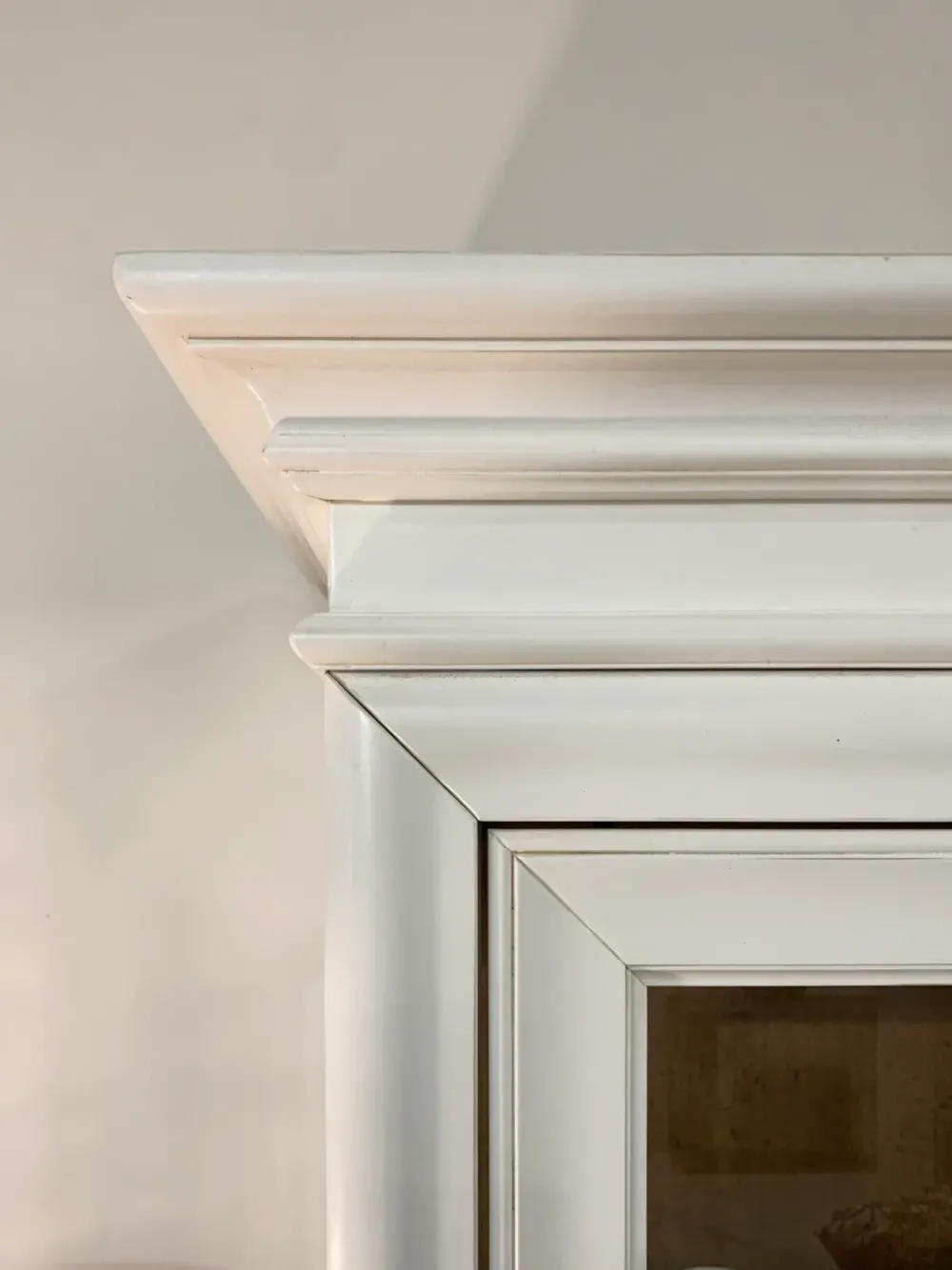Cristalliera 2 ante scorrevoli, in legno laccato Bianco Vissuto.
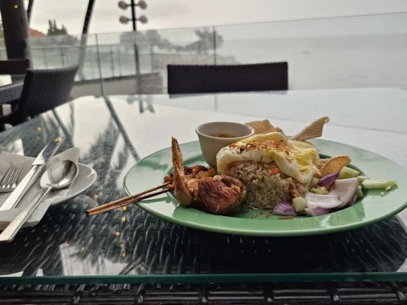 말레이시아 겨울은 가는 곳마다 비가 온다. 페낭도 낮에 햇빛이 비쳤는데 숙소에 도착하자 비가 내리기 시작한다. 페낭의 숙소인 Mercure Penang Beach Hotel은 생각보다 아름다웠다. 로비에 도착하자 눈에 펼쳐진 커다란 야자수 2개 사이로 보이는 바다는 예뻤다. 비록 바닷물은 에메랄드 초록빛은 아니지만 주변이 아름다웠다. 2층 방으로 들어서니 생각보다 아담하고 밖의 야자수는 예쁜 등을 달아 화려하게 빛나고 있었다. 날씨가 좋지 않아 1층 레스토랑에 들어가 밥을 먹는데 생각보다 맛이 있어서 깜짝 놀랐다. 누군가 페낭의 음식이 맛있다더니 사실인가 보다. 저녁과 아침을 구름이 잔뜩 끼어있는 바다를 바라보며 식사를 했다. 긍정적 사고 이어서인지 우중충한 날씨에도 불구하고 음식이 맛있어서 기분이 좋았다.
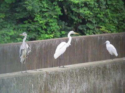 | センニンソウ[9月4日] あちこちに咲いていて見頃のようです | アオサギ、ダイサギ、コサギ[9月4日] 3種揃いました | |
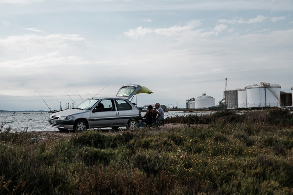 Autre avantage de la photo de pêcheur : la discussion. Toujours prompt à faire deux choses à la fois, le pêcheur aime aussi parler, voire philosopher. Ça philosophe souvent sur la météo, outil inégalé pour faire lien entre humains. On convient ensemble que pêche et photographie ont de nombreux points communs. Sans forcément se les détailler mutuellement. Nul besoin de mots pour se dire ce qu’on vient chercher ici. Chacun sait, que l’autre sait.
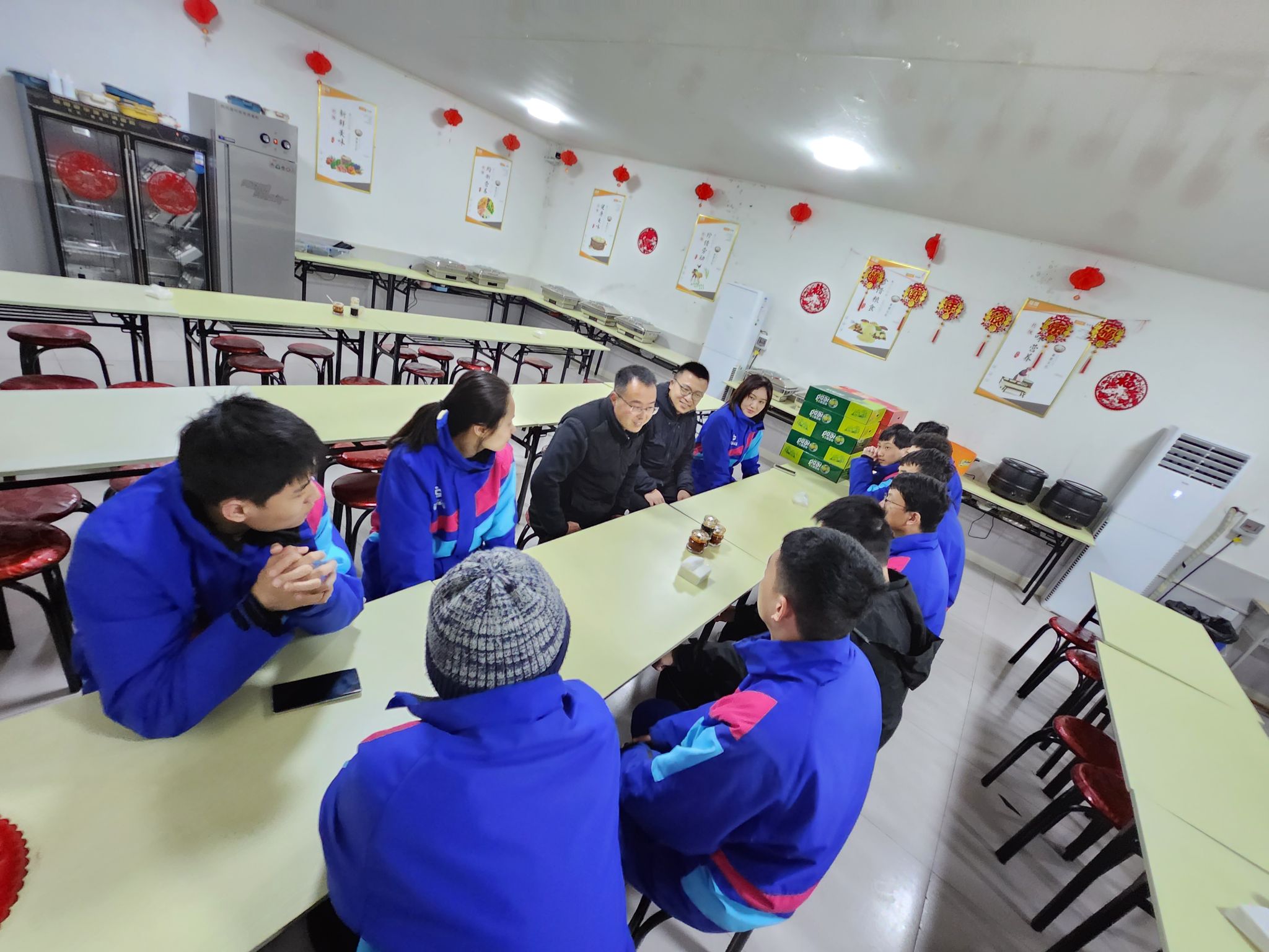 2月8日,李群生一行参观了实习基地的员工宿舍楼和餐厅,代表学院为实习生们赠送了慰问品,送上了新年祝福。晚餐后,与实习生一起座谈,畅聊实习收获和心得,重点询问了实习生住宿、吃饭、安全、工作、专业实践等情况;嘱咐大家时刻做好个人健康和安全防护,在实习期间认真完成好本职工作,做好实习日记和实习结束前的复盘总结。大家一致表示,公司提供了良好的食宿保障,通过实习提升了个人专业技能、锻炼了意志品质,加强了对专业理论知识的理解和运用能力,体会了从一名学生成长为职业教练的心路历程。

== == ==

Could you write out the whole listing exactly, skipping every picture?

> **Task answer**
Cristalliera 2 ante scorrevoli, in legno laccato Bianco Vissuto.
 말레이시아 겨울은 가는 곳마다 비가 온다. 페낭도 낮에 햇빛이 비쳤는데 숙소에 도착하자 비가 내리기 시작한다. 페낭의 숙소인 Mercure Penang Beach Hotel은 생각보다 아름다웠다. 로비에 도착하자 눈에 펼쳐진 커다란 야자수 2개 사이로 보이는 바다는 예뻤다. 비록 바닷물은 에메랄드 초록빛은 아니지만 주변이 아름다웠다. 2층 방으로 들어서니 생각보다 아담하고 밖의 야자수는 예쁜 등을 달아 화려하게 빛나고 있었다. 날씨가 좋지 않아 1층 레스토랑에 들어가 밥을 먹는데 생각보다 맛이 있어서 깜짝 놀랐다. 누군가 페낭의 음식이 맛있다더니 사실인가 보다. 저녁과 아침을 구름이 잔뜩 끼어있는 바다를 바라보며 식사를 했다. 긍정적 사고 이어서인지 우중충한 날씨에도 불구하고 음식이 맛있어서 기분이 좋았다.
 | センニンソウ[9月4日] あちこちに咲いていて見頃のようです | アオサギ、ダイサギ、コサギ[9月4日] 3種揃いました | |
 Autre avantage de la photo de pêcheur : la discussion. Toujours prompt à faire deux choses à la fois, le pêcheur aime aussi parler, voire philosopher. Ça philosophe souvent sur la météo, outil inégalé pour faire lien entre humains. On convient ensemble que pêche et photographie ont de nombreux points communs. Sans forcément se les détailler mutuellement. Nul besoin de mots pour se dire ce qu’on vient chercher ici. Chacun sait, que l’autre sait.
 2月8日,李群生一行参观了实习基地的员工宿舍楼和餐厅,代表学院为实习生们赠送了慰问品,送上了新年祝福。晚餐后,与实习生一起座谈,畅聊实习收获和心得,重点询问了实习生住宿、吃饭、安全、工作、专业实践等情况;嘱咐大家时刻做好个人健康和安全防护,在实习期间认真完成好本职工作,做好实习日记和实习结束前的复盘总结。大家一致表示,公司提供了良好的食宿保障,通过实习提升了个人专业技能、锻炼了意志品质,加强了对专业理论知识的理解和运用能力,体会了从一名学生成长为职业教练的心路历程。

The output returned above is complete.